Records from a data collection
- - - -

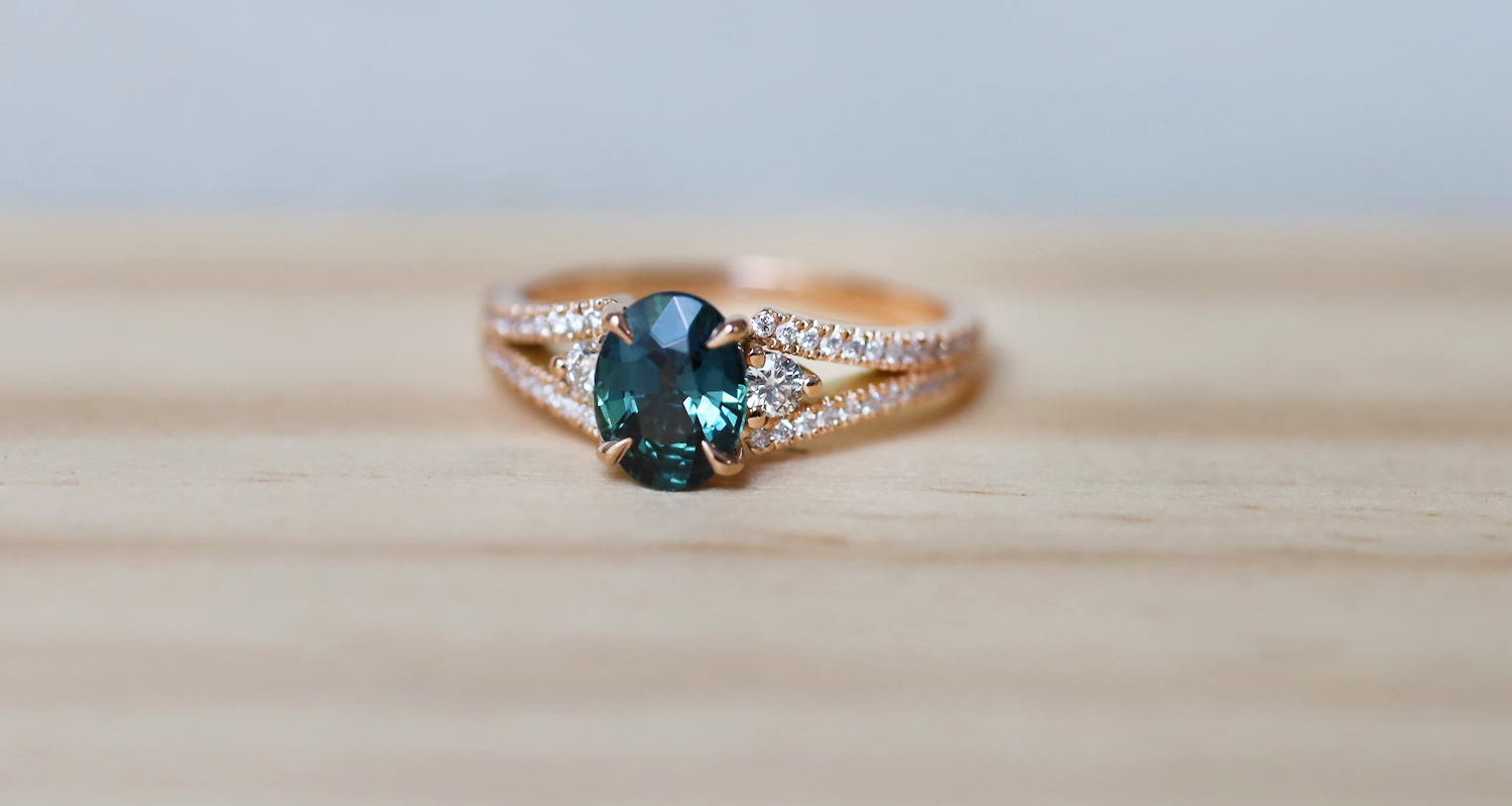 Le saphir est une pierre précieuse qui fait partie de la famille des corindons. Il est composé d’aluminium, de titane et selon ses nuances de couleurs de chrome, de fer, de manganèse, nickel, silicium ou vanadium. Le saphir a la faculté d’exister dans toutes les couleurs de l’arc-en-ciel à l’exception du rouge qui est réservé au rubis. En effet, il existe différentes déclinaisons de couleurs et nuances de saphir comprenant le bleu, le vert, le rose, le violet, le jaune, le rose orangée, le bleu vert.. La dureté du saphir s’élève à 9/10 sur l'échelle de Mohs. Il s'agit de la deuxième pierre la plus dure derrière le diamant et à égalité avec le rubis. Le saphir est une pierre pléochroïque, c’est à dire qu’elle changera de couleur selon l’angle de vue.Le saphir peut présenter un phénomène d'astérisme, connu sous le nom de “saphir étoilé” ou de “saphir oeil de chat” lorsqu’il est taillé en cabochon notamment. Le saphir s’exprime en carat au niveau de son unité de poids.
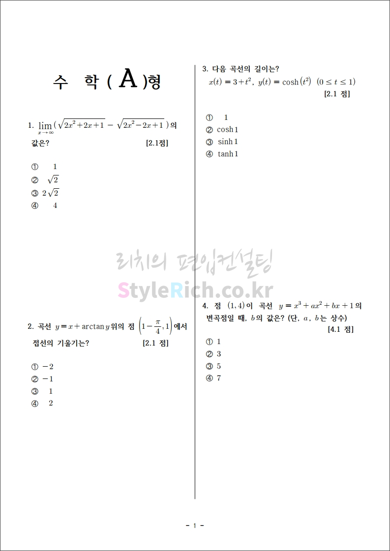 2021학년도 가천대 편입 수학 기출문제는 25문항/60분, 객관식 4지선다형이며, 총점 100점 만점에 문항당 배점은 다릅니다. 영어 기출문제는 40문항/60분, 객관식 4지선다형이며, 총점 100점 만점에 문항당 배점은 1~8번은 1.2점, 9~13번은 2.1점, 14~21번은 2.4점, 22~31번은 3.1점, 32~40번은 3.3점으로 다릅니다.
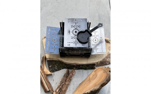 - 3WAY焚火BOXオルテガ柄 スタンダードセット+グリル鉄板Lオルテガ柄4.5mm厚(オプション品)
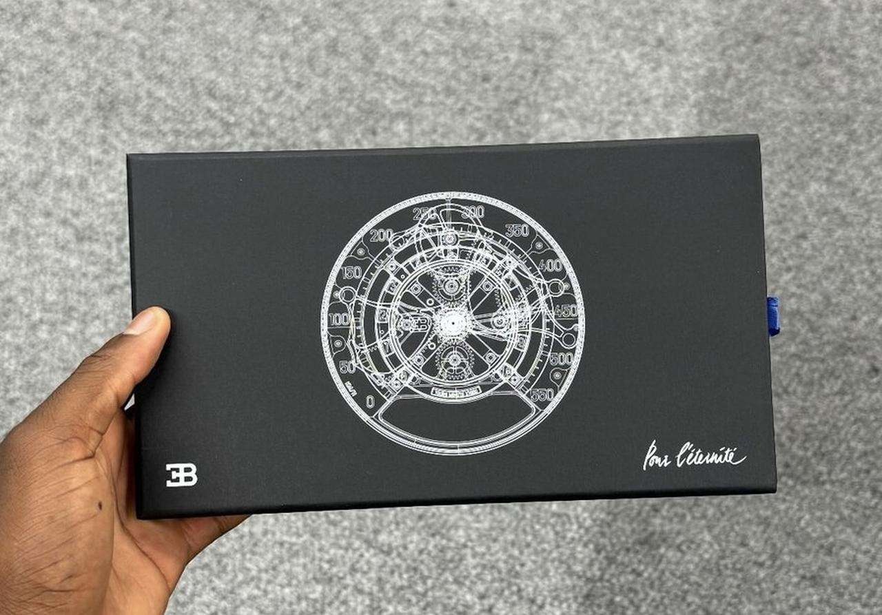 Так, один из известных блогеров Маркес Браунли опубликовал снимок подарочной коробки от Bugatti. Изображение на её крышке на первый взгляд напоминает часовой механизм, однако при детальном рассмотрении становится понятно, что это рисунок спидометра. И максимальная отметка скорости у него составляет 550 километров в час, что на 50 километров в час больше, чем у Chiron.
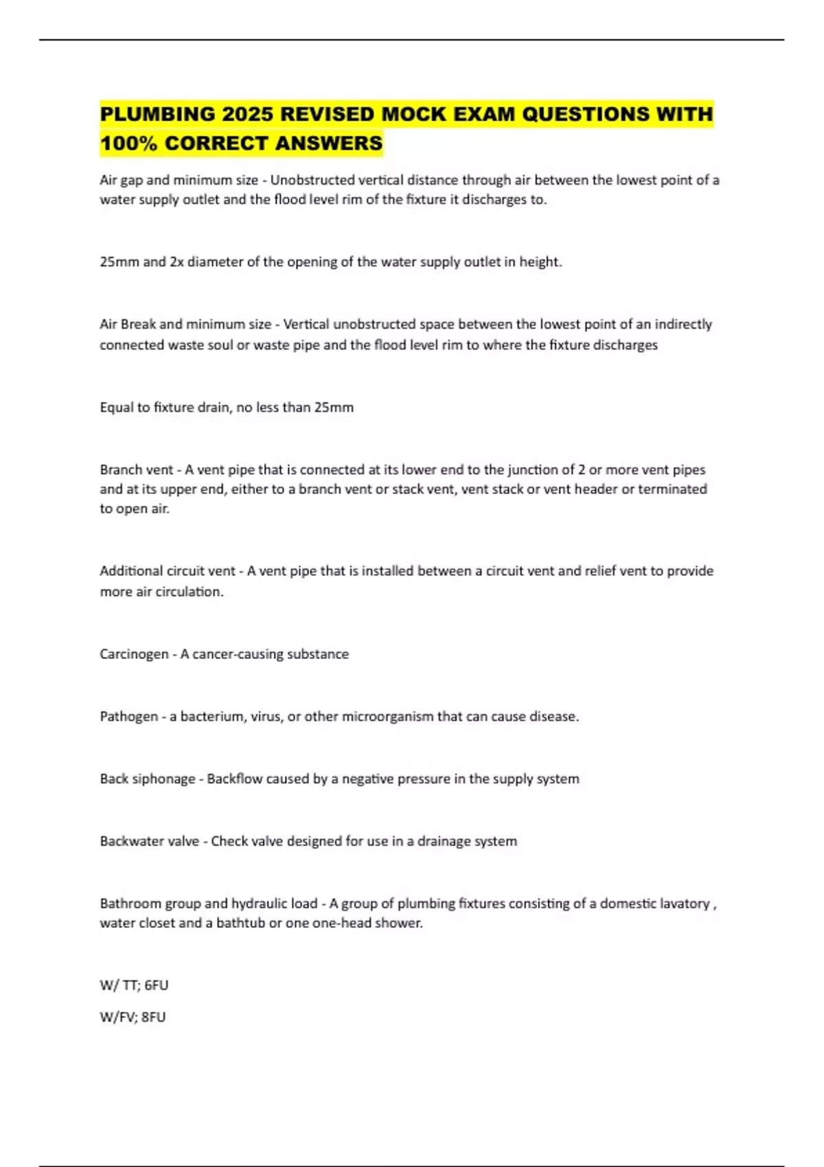 PLUMBING 2025 REVISED MOCK EXAM QUESTIONS WITH 100% CORRECT ANSWERS Air gap and minimum size - Unobstructed vertical distance through air between the lowest point of a water supply outlet and the flood level rim of the fixture it discharges to. 25mm and 2x diameter of the opening of the water supply outlet in height. Air Break and minimum size - Vertical unobstructed space between the lowest point of an indirectly connected waste soul or waste pipe and the flood level rim to where the fixture discharges Equal to fixture drain, no less than 25mm Branch vent - A vent pipe that is connected at its lower end to the junction of 2 or more vent pipes and at its upper end, either to a branch vent or stack vent, vent stack or vent header or terminated to open air. Additional circuit vent - A vent pipe that is installed between a circuit vent and relief vent to provide more air circulation. Carcinogen - A cancer-causing substance Pathogen - a bacterium, virus, or other microorganism that can cause disease. Back siphonage - Backflow caused by a negative pressure in the supply system Backwater valve - Check valve designed for use in a drainage system
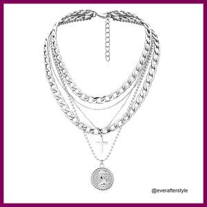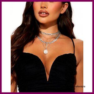 A 5-in-1 layered necklace set featuring a mix of chunky and dainty chains with a retro coin pendant. Designed for adjustable wear, this trendy set is perfect for creating a statement look for special occasions or as a thoughtful gift.
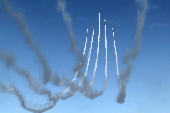 この後、「軽微な故障」が発生し、しばらく演技は中断。編隊が対処している間も、通常の飛行には全く問題ありません、と何度もアナウンスがありました。
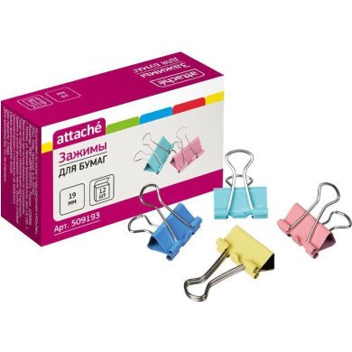 Зажим для бумаг 19 мм ATTACHE цветные, в картонной коробке
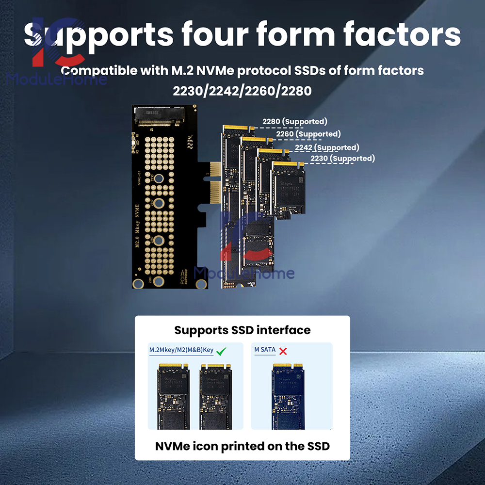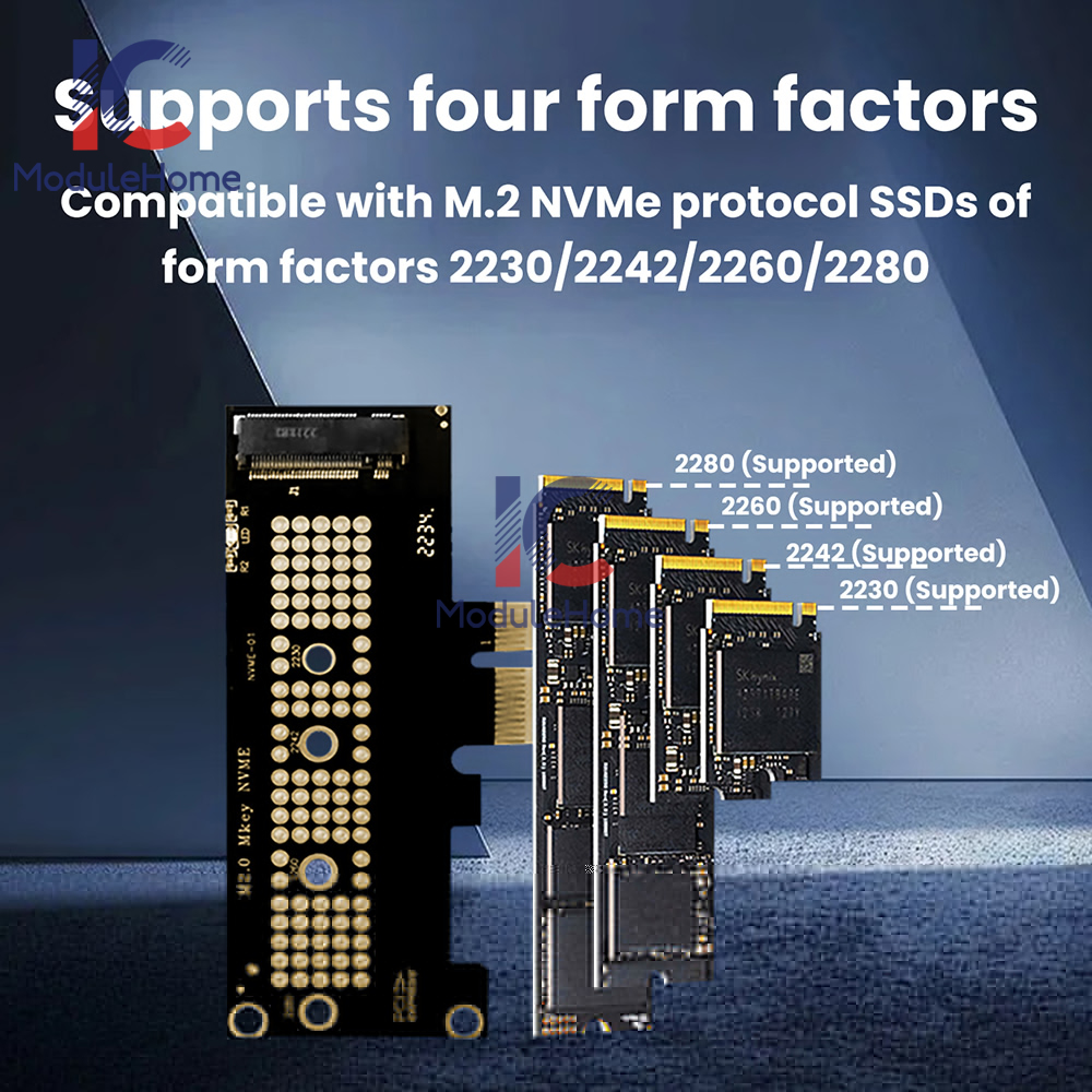 2. Supports four sizes: Compatible with 2230/2242/2260/2280 M.2 NVMe protocol drives.
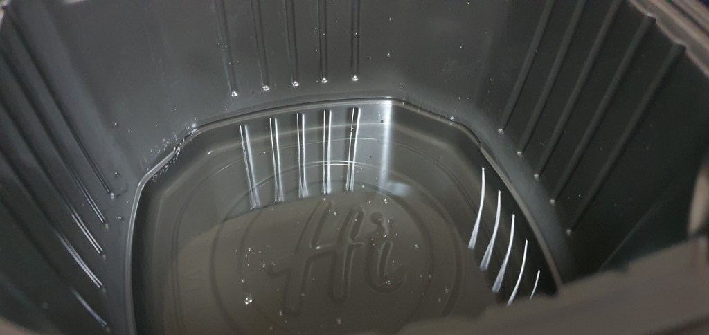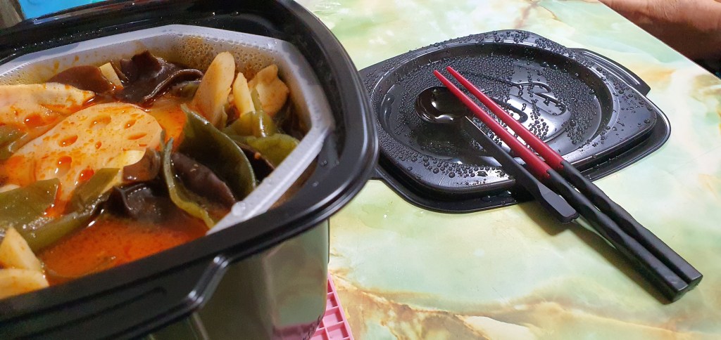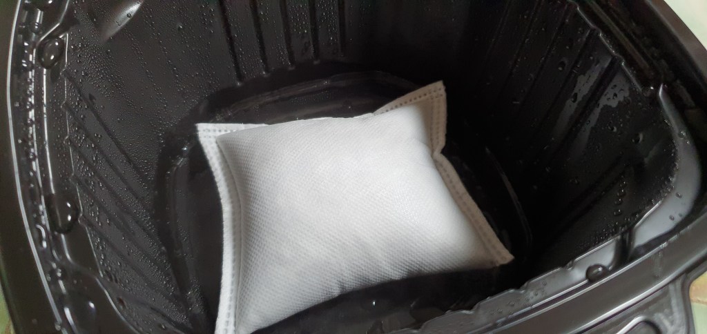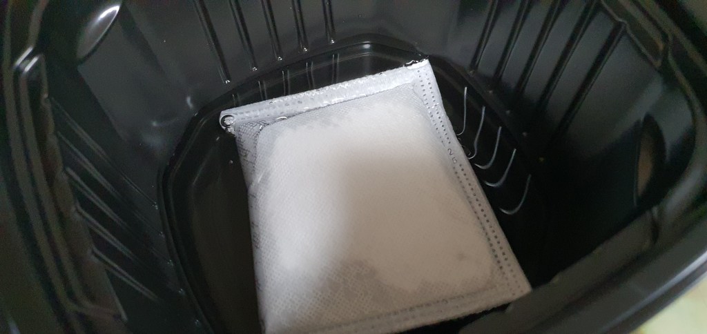 By the end of my meal, I was curious about the heating pack and took a look at it and saw this bloated packet where most of the water has already evaporated. The heating pad was lukewarm to the touch and although when you press it, it still sizzles a little bit. As I was paranoid about setting my apartment’s rubbish chute on fire, I decided to soak the heating pad in tap water for another good 10 mins to make sure it was no longer generating heat.
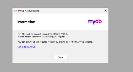 Repro steps: install latest myob version from https://download.myob.com/arl/Current/MYOB_AccountRight.exe Download https://www.myob.com/au/support/myob-business/get-started/welcome-to-myob-business/using-the-sample-company-file-clearwater?productview=Browser open above sample file and appear below error. Why appear below errors, I haven't encountered it before, but I encountered it in the latest update. It says my app version is not the latest, but I have already updated it to the latest version.Login Issues
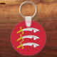 Keychain with design with a flag of historic county of Essex, in England, Great Britain; red flag with three white, gold hilted Saxon swords (Seaxes)
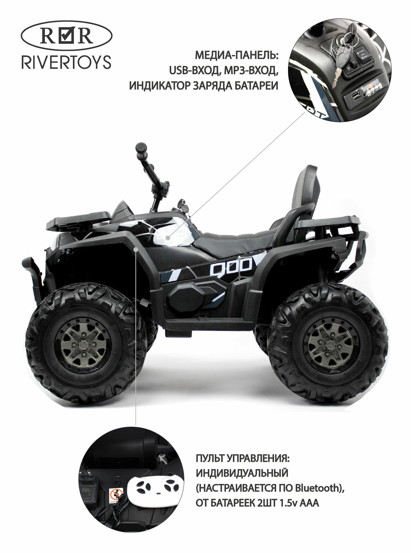 Купить Детский электроквадроцикл RiverToys H999HH черный Spider, полноприводный, с пультом
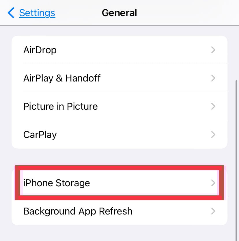 設定を開き、一般に移動します。 iPhone ストレージをタップします。
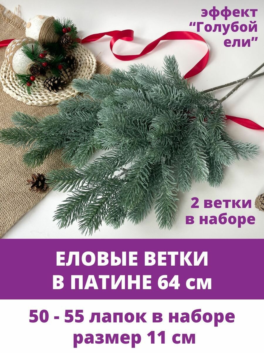 Еловые ветки искусственные, 60 см, Лапки 11 см, 28 лапок на ветке, набор 2 шт информация:
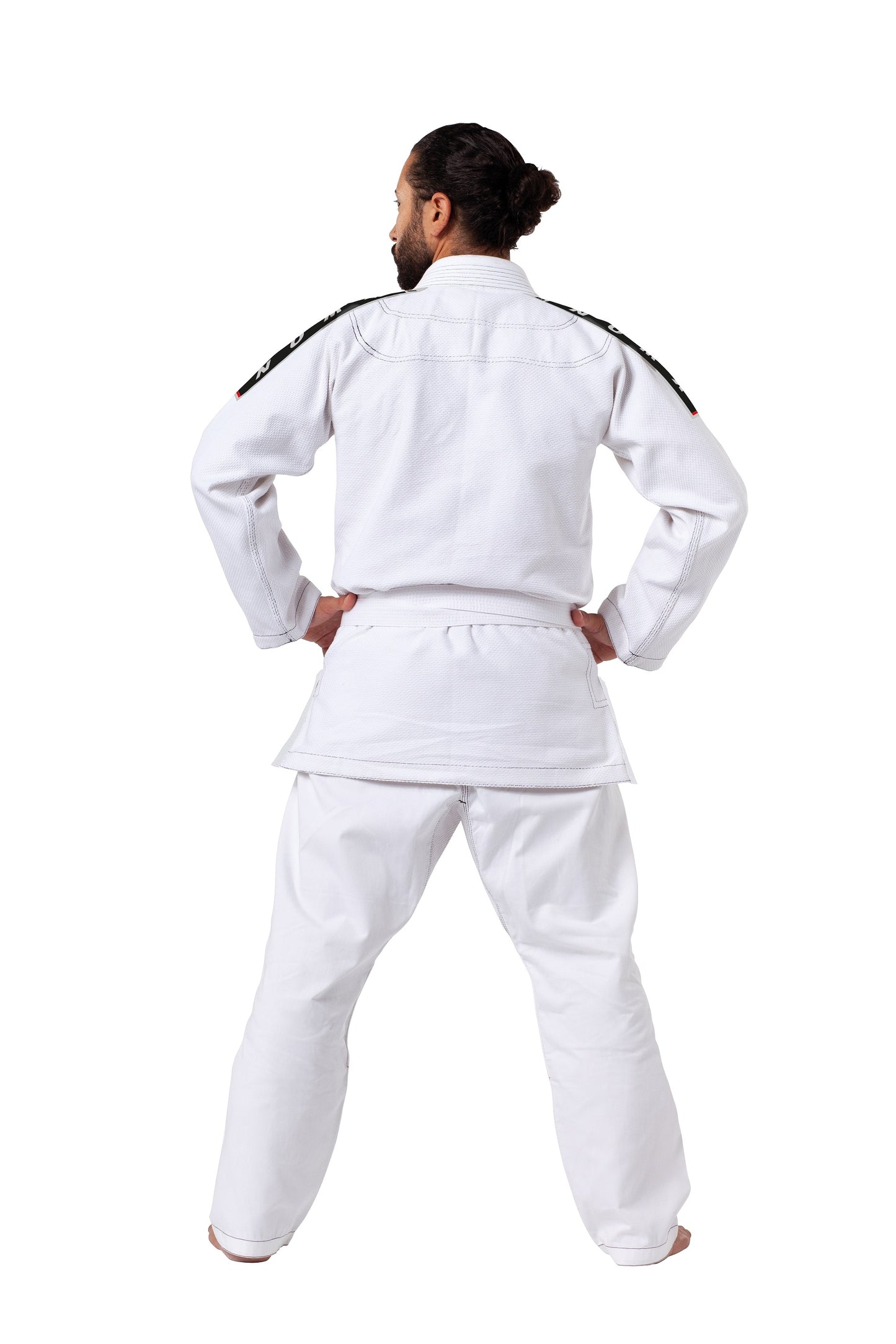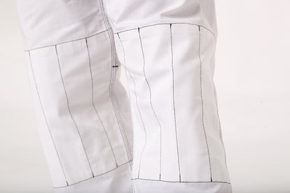 35% cotton, 65% polyester. Jacket made of 350 grams per square meter preshrunk premium pearl weave fabric. Pants made of durable twill fabric. Uniform features reinforced shoulders and knees, draw cord waistband, shoulder stripes and chest patch. Minimal shrinkage. We recommend washing in cold water and hang drying. Belt sold separately. Available in white with black contrast stitching, and in blue and in black with light gray contrast stitching.
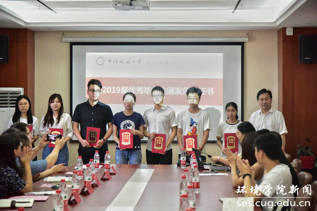 李素矿为环境学院2019届优秀毕业生颁发荣誉证书。
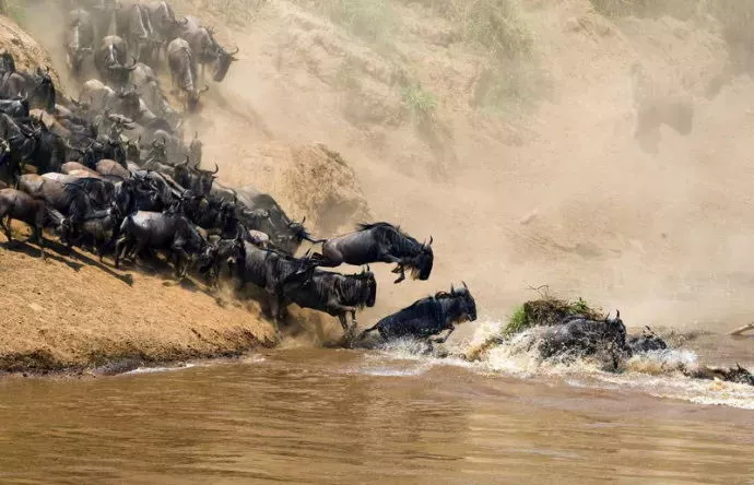 每年7至9月,成千上万的角马群将迁徙至肯尼亚马赛马拉

- - - -

Exercise instructions
An exact copy is needed of the entries above, starting at the line that holds "この後、「軽微な故障」が発生" and stopping at the line that holds "2. Supports four", both kept; pictures stay out.

Answer box
 この後、「軽微な故障」が発生し、しばらく演技は中断。編隊が対処している間も、通常の飛行には全く問題ありません、と何度もアナウンスがありました。
 Зажим для бумаг 19 мм ATTACHE цветные, в картонной коробке
 2. Supports four sizes: Compatible with 2230/2242/2260/2280 M.2 NVMe protocol drives.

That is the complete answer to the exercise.